Task statement:
Your copy should hold the lines below from the first through the one that contains "Applicable in 2025.", each retyped exactly, and no pictures.

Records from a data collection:
* * * * * * * * *

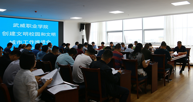 推進會上,何毅通報了市創(chuàng)城辦、教育局創(chuàng)城辦對學院創(chuàng)建文明校園和文明城市工作督導檢查、實地考察情況和學院檢查情況,并安排了整改工作;陳曉煜宣讀了《武威職業(yè)學院創(chuàng)建文明校園及創(chuàng)建全國文明城市工作責任追究辦法(試行)》,并做了說明;趙明圍繞學院文明校園和文明城市創(chuàng)建工作做了講話。
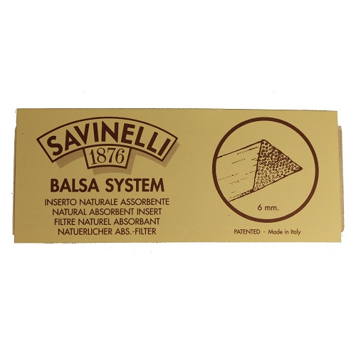 The Savinelli Balsa System представляет собой систему фильтрации с использованием природных атрибутов пробкового дерева. Это позволяет поглощать влагу и примеси из дыма, без добавления химических элементов. Эта способность поглощения обусловлена чрезвычайно пористыми волокнами бальсы,  для идеального дыма без изменения вкуса и аромата табака.
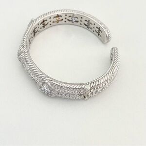 Stunning Designer Judith Ripka 3 Heart Clear Sparkly CZ Hinged Stone Cuff Bracelet
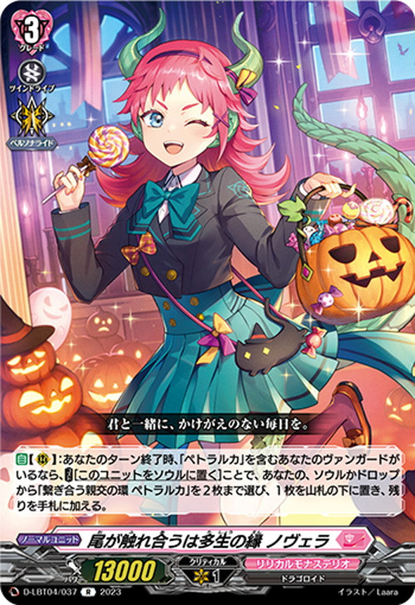 【自】【(R)】:あなたのターン終了時、「ペトラルカ」を含むあなたのヴァンガードがいるなら、【コスト】[このユニットをソウルに置く]ことで、あなたの、ソウルかドロップから「繋ぎ合う親交の環 ペトラルカ」を2枚まで選び、1枚を山札の下に置き、残りを手札に加える。
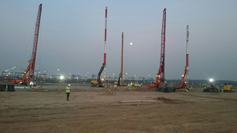 Fast track driven cast-in-situ piling (8821 nos.), 15.5m deep piles completed in four and half months. Unique feats at this project: record 211 piles in a single day, 40 piles installed by a single rig per day, 2665 piles driven in asingle month
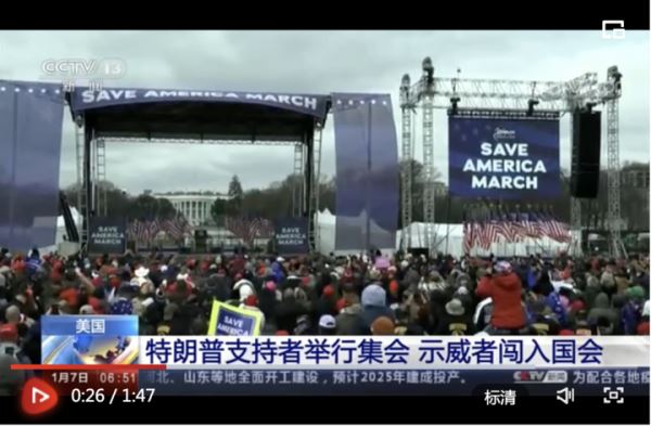 当地时间6日中午,美国总统特朗普的支持者在首都华盛顿举行大规模支持特朗普和反对拜登当选的示威游行活动,示威者与警方发生冲突并闯入国会,导致当天的大选结果认证程序暂停。
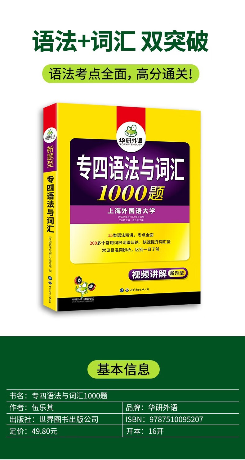 Applicable in 2025. A complete set of special training for Huayan Foreign Language College 4. 1000 grammar and vocabulary questions for Huayan College 4. New question types. 1000 grammar and vocabulary questions for English major 4. Word listening, reading and comprehension cloze. 1500 listening questions for English major 4.
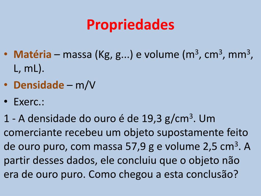 Propriedades • Matéria – massa (Kg, g...) e volume (m3, cm3, mm3, L, mL). • Densidade – m/V • Exerc.: 1 - A densidade do ouro é de 19,3 g/cm3. Um comerciante recebeu um objeto supostamente feito de ouro puro, com massa 57,9 g e volume 2,5 cm3. A partir desses dados, ele concluiu que o objeto não era de ouro puro. Como chegou a esta conclusão?

* * * * * * * * *

Response to the task:
 推進會上,何毅通報了市創(chuàng)城辦、教育局創(chuàng)城辦對學院創(chuàng)建文明校園和文明城市工作督導檢查、實地考察情況和學院檢查情況,并安排了整改工作;陳曉煜宣讀了《武威職業(yè)學院創(chuàng)建文明校園及創(chuàng)建全國文明城市工作責任追究辦法(試行)》,并做了說明;趙明圍繞學院文明校園和文明城市創(chuàng)建工作做了講話。
 The Savinelli Balsa System представляет собой систему фильтрации с использованием природных атрибутов пробкового дерева. Это позволяет поглощать влагу и примеси из дыма, без добавления химических элементов. Эта способность поглощения обусловлена чрезвычайно пористыми волокнами бальсы,  для идеального дыма без изменения вкуса и аромата табака.
 Stunning Designer Judith Ripka 3 Heart Clear Sparkly CZ Hinged Stone Cuff Bracelet
 【自】【(R)】:あなたのターン終了時、「ペトラルカ」を含むあなたのヴァンガードがいるなら、【コスト】[このユニットをソウルに置く]ことで、あなたの、ソウルかドロップから「繋ぎ合う親交の環 ペトラルカ」を2枚まで選び、1枚を山札の下に置き、残りを手札に加える。
 Fast track driven cast-in-situ piling (8821 nos.), 15.5m deep piles completed in four and half months. Unique feats at this project: record 211 piles in a single day, 40 piles installed by a single rig per day, 2665 piles driven in asingle month
 当地时间6日中午,美国总统特朗普的支持者在首都华盛顿举行大规模支持特朗普和反对拜登当选的示威游行活动,示威者与警方发生冲突并闯入国会,导致当天的大选结果认证程序暂停。
 Applicable in 2025. A complete set of special training for Huayan Foreign Language College 4. 1000 grammar and vocabulary questions for Huayan College 4. New question types. 1000 grammar and vocabulary questions for English major 4. Word listening, reading and comprehension cloze. 1500 listening questions for English major 4.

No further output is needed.